Manufacturing News

China's IC industry expected to have rapid growth

China's integrated circuit industry is expected to witness rapid growth in the next few years, industry experts said, while calling for increasing research and development input and strengthening independent innovation as part of the broader push to establish a relatively complete semiconductor industry chain system.

They added US politicians' trick of playing up the "China threat" theory in the semiconductor industry is groundless and doomed to fail. They said the technological blockade will hurt the interests of US companies, impede global cooperation and jeopardize the global supply chain.

Data from the China Semiconductor Industry Association showed the revenue of China's integrated circuit industry reached 685.86 billion yuan ($108.4 billion) during the January-September 2021 period, up 16.1 percent on a yearly basis.

The semiconductor industry in China maintained steady growth in 2020, with total sales rising 17 percent year-on-year to 884.8 billion yuan in 2020, it said.

The nation has scaled up the production capacities in the IC industry. Data from the National Bureau of Statistics showed China produced 359.4 billion units of ICs last year, up 33.3 percent year-on-year, doubling the growth rate in 2020.

Meanwhile, worldwide semiconductor revenue increased 25.1 percent in 2021 to $583.5 billion, crossing the $500 billion threshold for the first time, said global consultancy Gartner Inc.

"There is a surging demand for semiconductors, which are used in a wide range of fields, from smartphones, computers, tablets, sensors, and to cars as well as home appliances," said Li Xianjun, an associate researcher from the Institute of Industrial Economics at the Chinese Academy of Social Sciences.

China's semiconductor industry has seen robust growth since 2018, but lags some developed countries in terms of chip materials and manufacturing equipment due to lack of core technologies, Li said, while underscoring the significance of sticking to independent innovation.

Western media recently reported that China pursues "self-reliance" in some technologies such as chips. Meanwhile, the United States and the European Union have adopted incentives to boost the production of semiconductor chips.

Xiang Ligang, director-general of the Information Consumption Alliance, a telecom industry association, said US attempts to crack down on China's semiconductor industry and preserve its hegemony is not only doomed to fail but could also backfire.

US political leaders are hyping the "China threat" theory in chips, but the US is still taking the lead in the world's semiconductor industry. "It is ridiculous and vicious that the US imposed sanctions and restrictions on Chinese tech companies, while it stepped up support to spur its indigenous chip making industry," Xiang said.

He said the technological blockade will not hold back the development of China's semiconductor industry, but make them improve research capacities and strive for more breakthroughs in the field.

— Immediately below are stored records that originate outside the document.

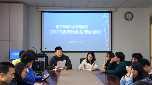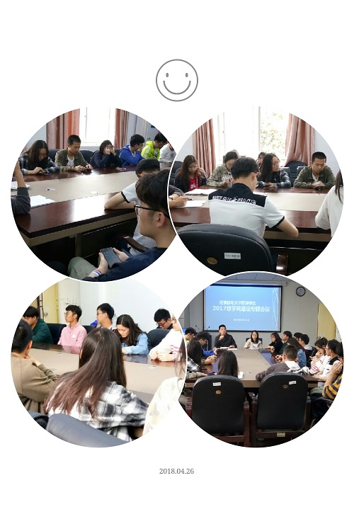 2018年4月26号中午12点30在有线楼306会议室召开已满18周岁请带好卫生纸2017级班长会议,该会议由辅导员陈大鹏,蔡珺主持,参加会议的有已满18周岁请带好卫生纸2017级班长及主席团部长,本次会议的主题为“加强学风建设”。
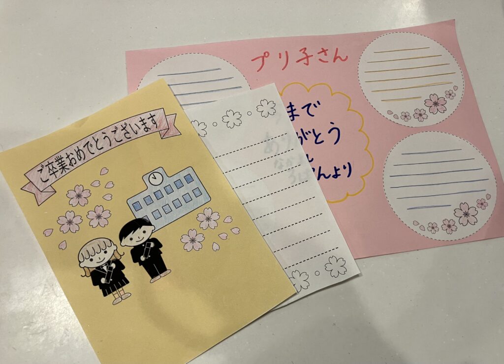 を解決する桜カードを作成しました。シンプルデザインです。6年生を送る会や卒業式、離任式などにどうぞ。
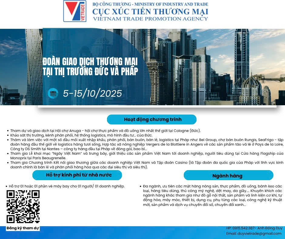 Thực hiện Chương trình cấp quốc gia về xúc tiến thương mại (XTTM) năm 2025 được Bộ trưởng Bộ Công Thương phê duyệt tại Quyết định số 1649/QĐ-BCT ngày 06 tháng 6 năm 2025, Bộ Công Thương chủ trì, Cục XTTM phối hợp với các đơn vị liên quan tổ chức “Đoàn giao dịch thương mại tại thị trường Đức và Pháp”.
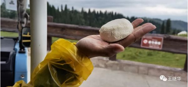 我們吃完羊肉串,每人又要了一杯鮮牛奶然后去山頂啟動無人機(jī)放飛。這時候阿依孜爾氣喘吁吁的趕過來,遞給劉總一個白色的團(tuán)子。說這是奶酪送給你的。好淳樸的孩子。
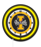 Our double neon Logo Clocks are the perfect way to show your school pride. Featuring a Black casing and a team color specific neon outer ring that accents the custom printed clock face which is lit up by an brilliant white, inner neon ring. The Neon rings are easily turned on and off with a pull chain on the bottom of the clock, and are powered by a UL Listed power transformer that runs off standard 120V outlet. Accurate quartz movement ensures proper time and is powered by a single, AA battery (not included). Whether purchasing as a gift for a recent grad, sports super fan, or for yourself, you can take satisfaction knowing you're buying a clock that is proudly made by the Holland Bar Stool Company in Holland, MI USA
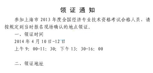 上海2013經濟師合格證書領取時間:4月10日-12日
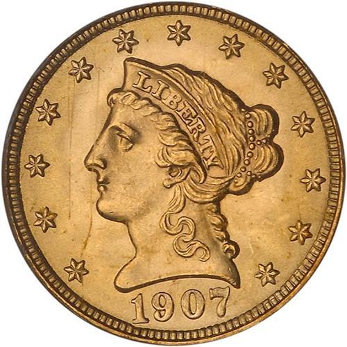 Tremendous detail from a very positive strike, which collectors like better to see than wishy-washy detail; furthermore, the gemmy surfaces show vivid golden hues. All this is perhaps obvious from the photos. What we need to emphasize too is that the strike is customarily crisp and detailed for the 1907 date, with the usual sharp metal flows into the deepest recesses of the dies on both sides. Last year of the Liberty head series.
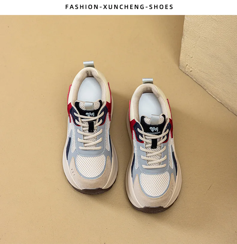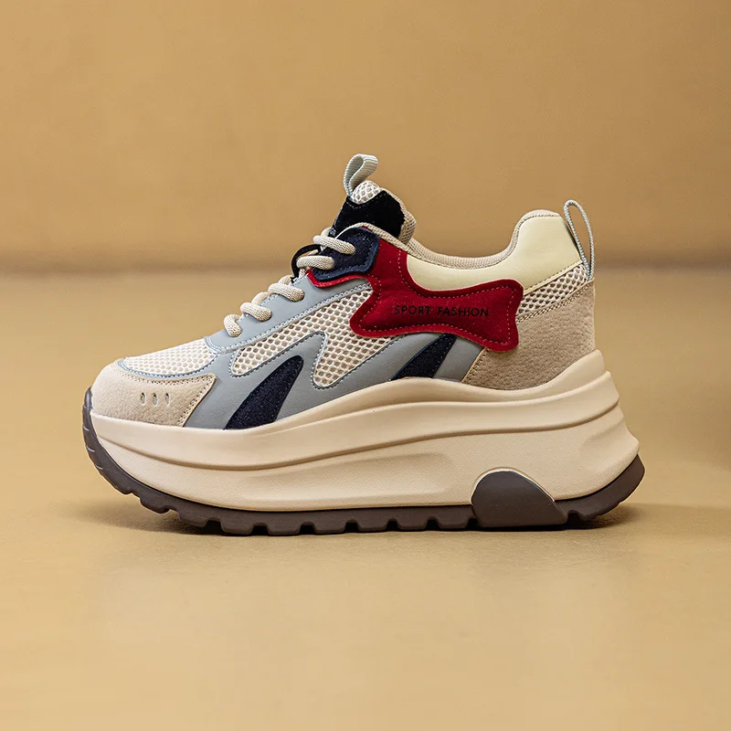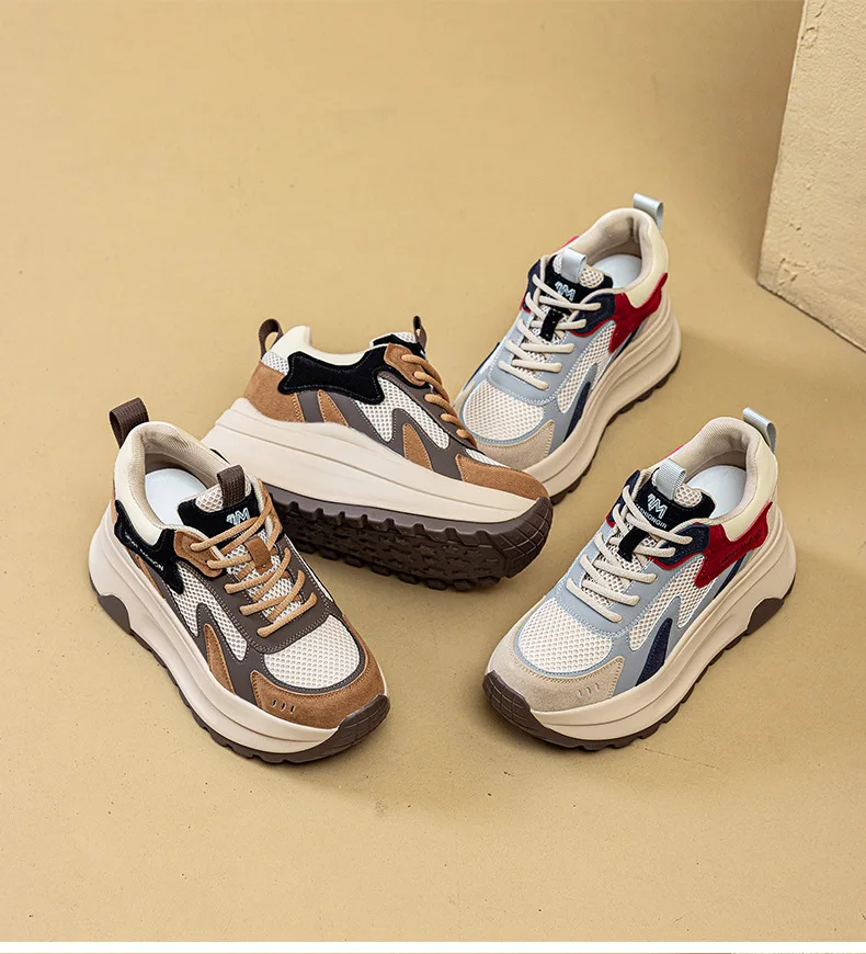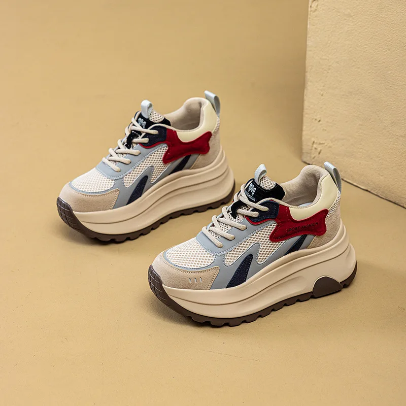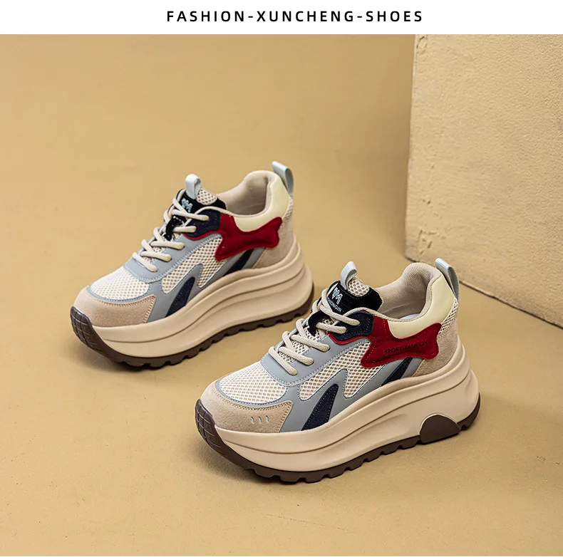 Fujin Sneakers con plateau da 7 cm Scarpe casual da donna in pelle microfibra Sneakers robuste per scarpe da passeggio da donna comode Primavera Autunno
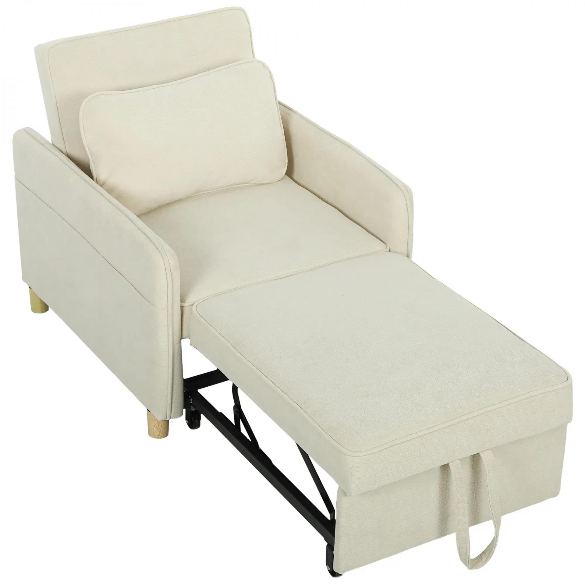 Sillón Cama Individual 3 en 1 Sofá Cama Plegable con Respaldo Ajustable y Cojín para Salón 74x85,5x82 cm Beige
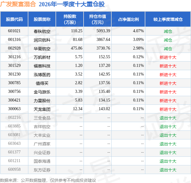 从基金规模来看,广发聚富混合基金2026年一季度公布的基金规模为12.5亿元,较上一期规模14.24亿元变化了-1.74亿元,环比变化了-12.19%。该基金最新一期资产配置为:股票占净值比20.43%,债券占净值比75.0%,现金占净值比17.53%。从基金持仓来看,该基金当季前十大股票仓位达10.92%,第一大重仓股为春秋航空(601021),持仓占比为4.07%。
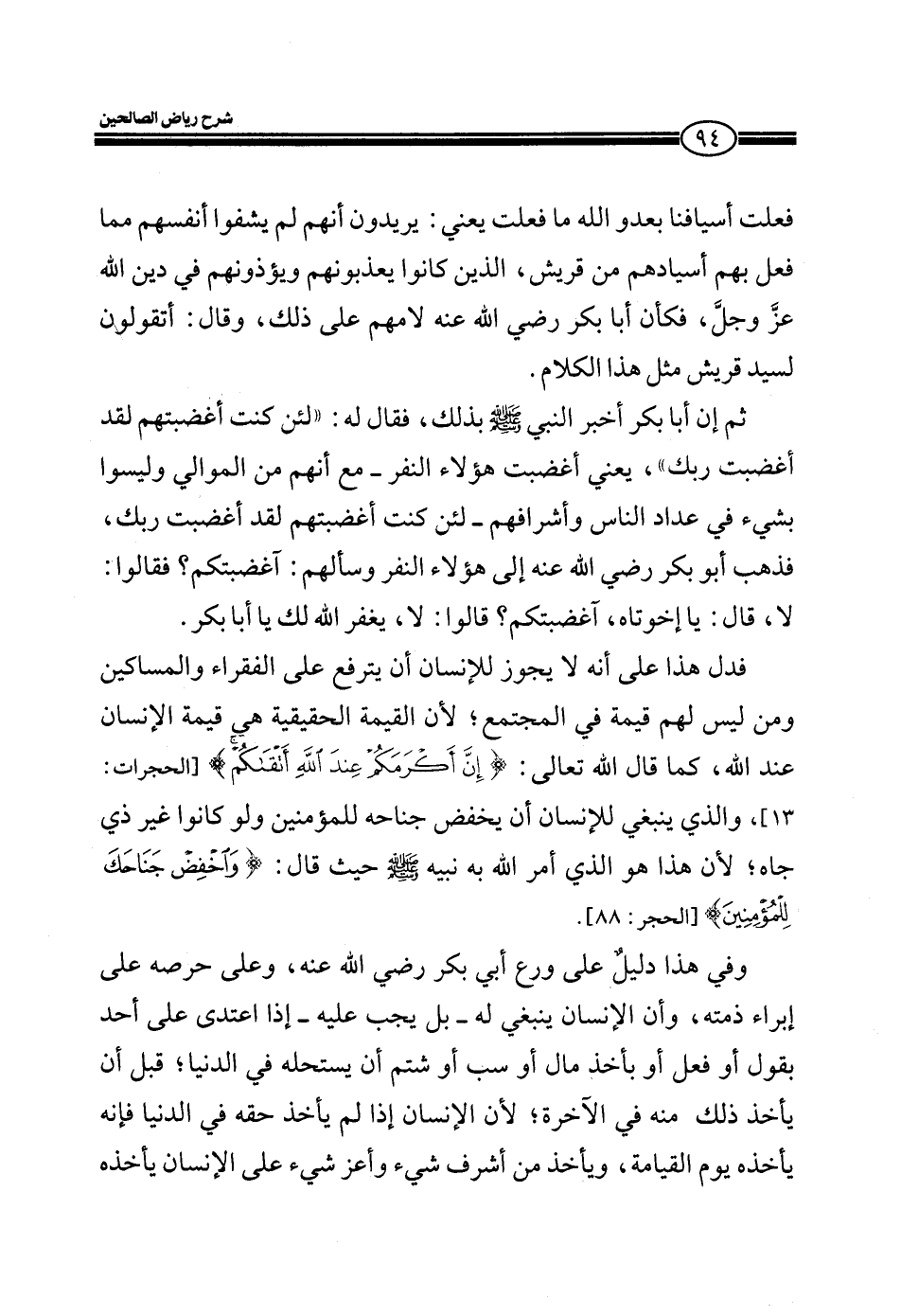 وفي هذا دليل على ورع أبي بكر رضي الله عنه، وعلى حرصه على إبراء ذمته، وأن الإنسان ينبغي له ـ بل يجب عليه ـ إذا اعتدى على أحد بقول أو فعل أو بأخذه مال أو سب أو شتم أن يستحله في الدنيا؛ قبل أن يأخذ ذلك منه في الآخرة؛ لأن الإنسان إذا لم يأخذ حقه في الدنيا فإنه يأخذه يوم القيامة، ويأخذ من أشرف شيء وأعز شيء على الإنسان يأخذه

The US sanctions on Chinese tech firms will not only hurt the interests of many US chip companies, but also disrupt global industrial and supply chains, he added.

Roger Sheng, vice-president of research at Gartner, said although China has made tremendous progress in developing its semiconductor industry in recent years, there is still a huge technical gap between Chinese chipmakers and their foreign peers.

Sheng said lithography machines that play a crucial role in the production of chips, raw materials, and IC packaging and testing devices are highly dependent on imports. "It will take five to 10 years for Chinese chipmakers to fully achieve self-reliance in the cutting-edge semiconductor segment."

Sheng called for domestic companies in the upstream and downstream areas of the chip industrial chain to strengthen cooperation, master core technologies and develop homegrown chips.

The US government has put dozens of China's major tech companies, including Huawei Technologies Co and Semiconductor Manufacturing International Corp, on an entity list which restricts their access to US technologies such as crucial software and semiconductor production equipment.

Wei Shaojun, director of the China Semiconductor Industry Association's IC design branch, said more efforts should be made to increase R&D investment and enhance innovation capacities in the sprawling semiconductor sector.

He said the reason why US chip firms can keep their leading positions is because they invest heavily in R&D. About 27 percent of their revenues goes into research on average, twice as much as that of other countries. The high investment empowers companies with advanced technologies, which in turn supports them in making competitive products, he explained.

He noted that the number of China's chip design companies has jumped by 26.7 percent to 2,810 in 2021 from 2,218 in 2020. However, there are some challenges in the chip design industry, such as shortages of high-end products and talent.

"As the global economy bounced back in 2021, shortages appeared throughout the semiconductor supply chain, particularly in the automotive industry," said Andrew Norwood, research vice-president at Gartner.

"The resulting combination of strong demand as well as logistics and raw material price increases drove semiconductors' average selling price higher, contributing to overall revenue growth in 2021," he explained, adding the 5G smartphone market helped drive semiconductor revenue.

Gartner said Samsung Electronics regained the top spot from Intel for the first time since 2018, with revenue increasing 31.6 percent on a yearly basis in 2021. The firm accounted for a 13 percent share in the global semiconductor market. Intel dropped to second with 0.5 percent growth last year, delivering the lowest growth rate among the top 25 vendors.